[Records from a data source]
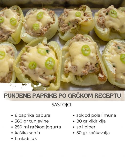 Uzmite paprike, presecite na pola, stavite u pleh i pecite u rerni na 220 c oko 20 minuta. Za to vreme napravite nadev. Pomešajte tunjevinu, grčki jogurt, senf, mladi luk, sok od limuna i kikiriki. Posolite i pobiberite. Nadevajte paprike, na kraju dodajte rendani kačkavalj, i zapecite još 5 minuta na 220c.
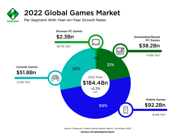 게임 시장의 판도는 시장 규모로 쉽게 파악할 수 있습니다. 2022년 전세계 게임 시장 규모를 보면 모바일 게임 시장이 50%를 점유하고 있습니다. 모바일 게임 시장이 게임 시장의 판도를 바꾸면서 과거 웹에서만 구동되던 여러 게임들 (리니지, 메이플스토리 등)도 이제 모바일에서 플레이할 수 있습니다 (개굴).
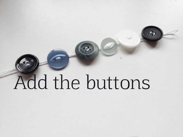 Mantener enhebrado en los botones en el orden que usted planeó previamente dejando pequeños huecos no demasiado masificada. Mida alrededor de su muñeca cuando se ve la longitud correcta.
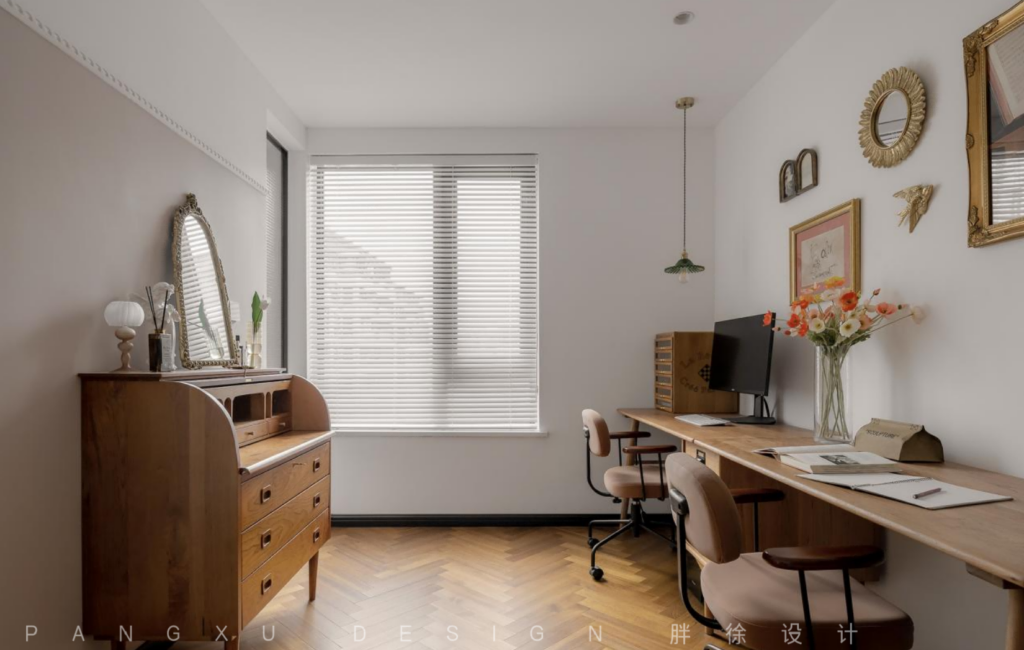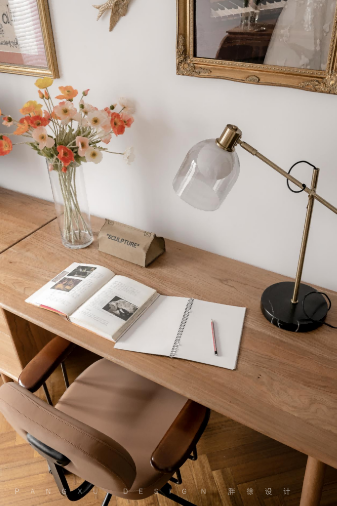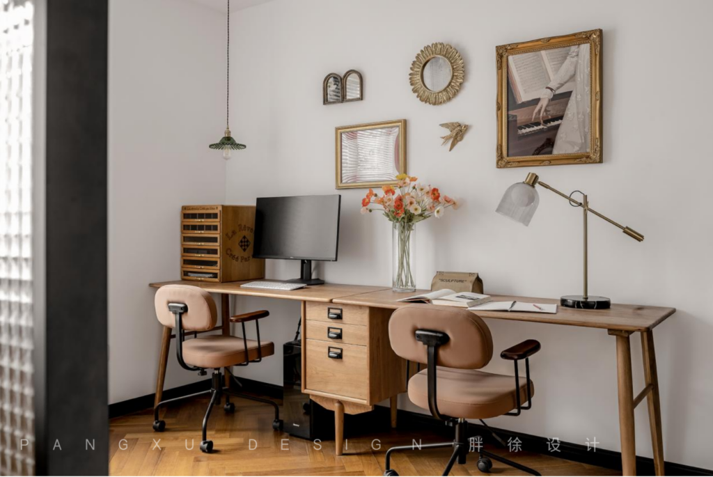 @胖徐设计工作室:书房处留下足够的两人空间,一起办公,一起学习,也是一种乐趣。于此,复古黑边的长虹玻璃带来刚好的朦胧通透感,既不沉闷也不跳脱。
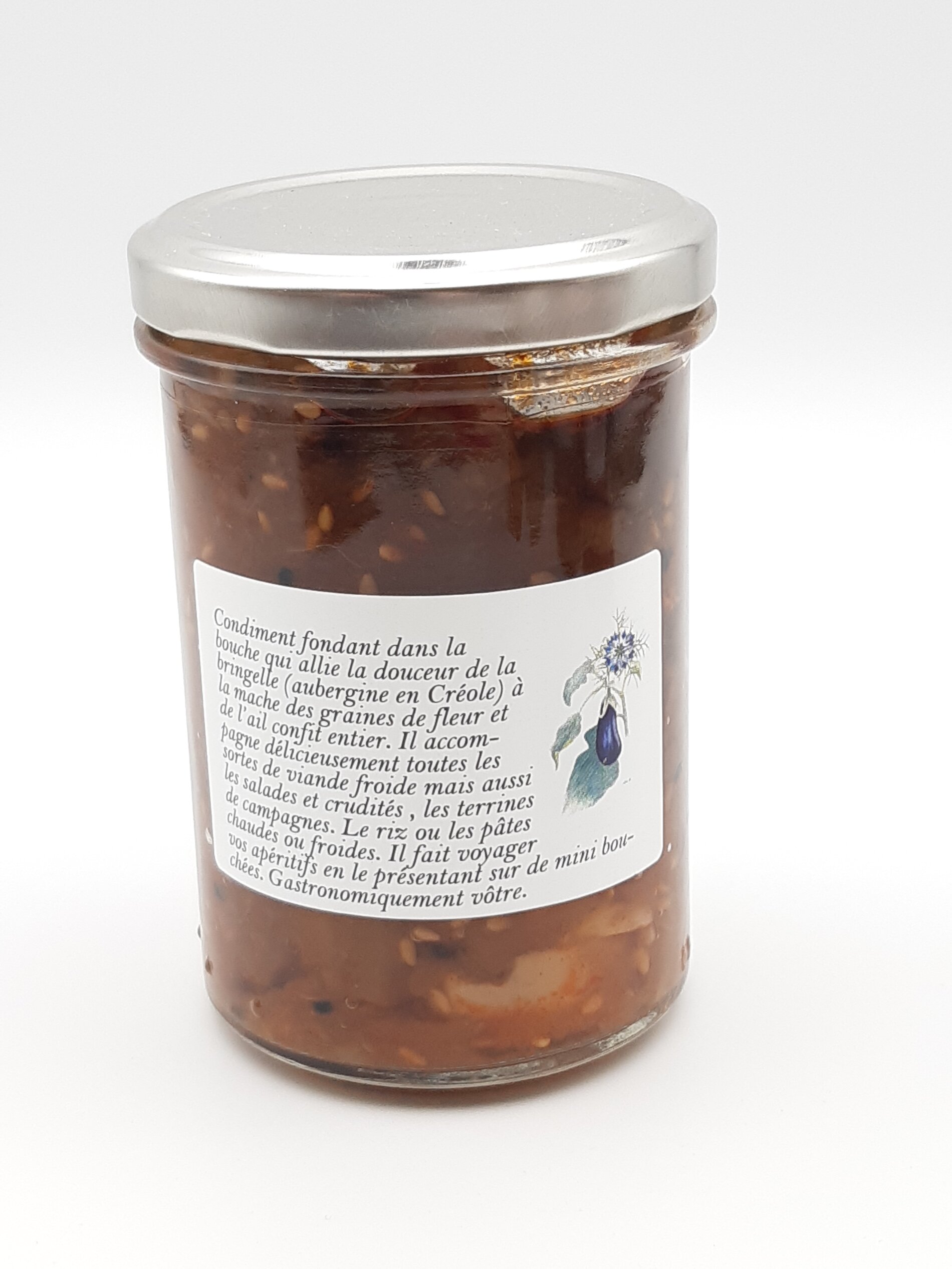 Condiment fondant dans la bouche qui allie la douceur de la Bringelle (aubergine en créole) à la mâche des graines de fleurs (graines de Nigelle et de Sésame ) et de l'ail confit entier.
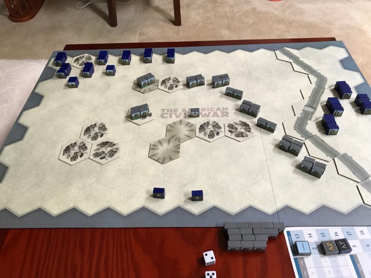 Tactile Components: Middle RMN Boy loves the blocks in HtL: ACW. Not only are the blocks easy to distinguish, he can arrange, and rearrange, the blocks in many different ways. Sometimes he puts all the infantry in a column; other times he arranges them in a 2×2 formation. Sometimes he faces them towards a hexside in a manner that makes his opponent feel surrounded like they are turning a flank. But it’s not just the blocks on the map, the blocks used to track the Action Points (AP) on the Player Aid Card also give him that tactile interaction with the game.
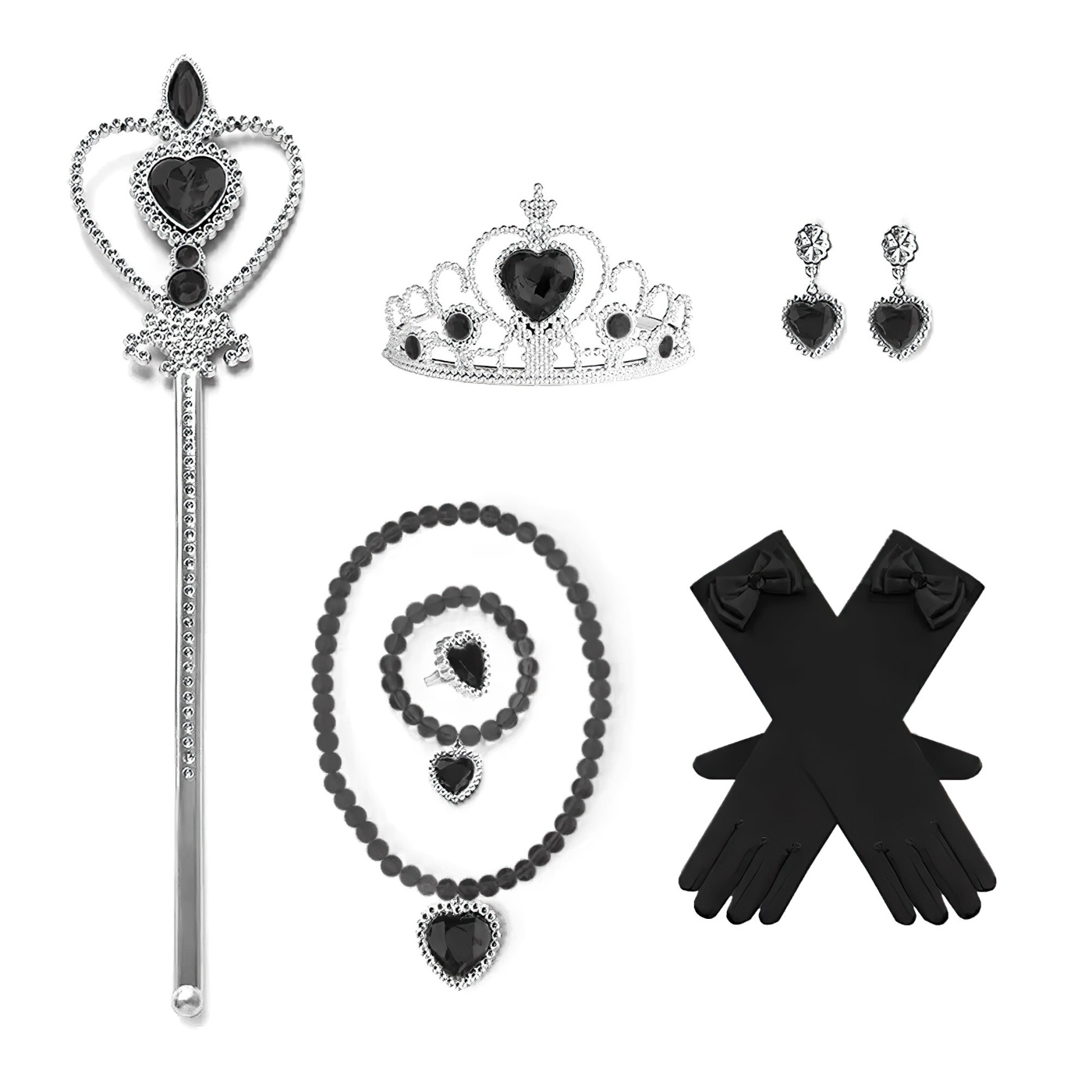 Sada zahrnuje černé rukavice, čelenku s ozdobou, náhrdelník, náušnice, prsteny a další tematické doplňky inspirované gotickou estetikou Wednesday. Všechny šperky a ozdoby jsou sladěny do černé a stříbrné barvy, které podtrhují ponurý, ale elegantní styl postavy.

◆ PROBLEM DESCRIPTION:
Print the entries again exactly as they appear above. Do not print the pictures.

◆ SOLUTION TO THE EXERCISE:
 Uzmite paprike, presecite na pola, stavite u pleh i pecite u rerni na 220 c oko 20 minuta. Za to vreme napravite nadev. Pomešajte tunjevinu, grčki jogurt, senf, mladi luk, sok od limuna i kikiriki. Posolite i pobiberite. Nadevajte paprike, na kraju dodajte rendani kačkavalj, i zapecite još 5 minuta na 220c.
 게임 시장의 판도는 시장 규모로 쉽게 파악할 수 있습니다. 2022년 전세계 게임 시장 규모를 보면 모바일 게임 시장이 50%를 점유하고 있습니다. 모바일 게임 시장이 게임 시장의 판도를 바꾸면서 과거 웹에서만 구동되던 여러 게임들 (리니지, 메이플스토리 등)도 이제 모바일에서 플레이할 수 있습니다 (개굴).
 Mantener enhebrado en los botones en el orden que usted planeó previamente dejando pequeños huecos no demasiado masificada. Mida alrededor de su muñeca cuando se ve la longitud correcta.
 @胖徐设计工作室:书房处留下足够的两人空间,一起办公,一起学习,也是一种乐趣。于此,复古黑边的长虹玻璃带来刚好的朦胧通透感,既不沉闷也不跳脱。
 Condiment fondant dans la bouche qui allie la douceur de la Bringelle (aubergine en créole) à la mâche des graines de fleurs (graines de Nigelle et de Sésame ) et de l'ail confit entier.
 Tactile Components: Middle RMN Boy loves the blocks in HtL: ACW. Not only are the blocks easy to distinguish, he can arrange, and rearrange, the blocks in many different ways. Sometimes he puts all the infantry in a column; other times he arranges them in a 2×2 formation. Sometimes he faces them towards a hexside in a manner that makes his opponent feel surrounded like they are turning a flank. But it’s not just the blocks on the map, the blocks used to track the Action Points (AP) on the Player Aid Card also give him that tactile interaction with the game.
 Sada zahrnuje černé rukavice, čelenku s ozdobou, náhrdelník, náušnice, prsteny a další tematické doplňky inspirované gotickou estetikou Wednesday. Všechny šperky a ozdoby jsou sladěny do černé a stříbrné barvy, které podtrhují ponurý, ale elegantní styl postavy.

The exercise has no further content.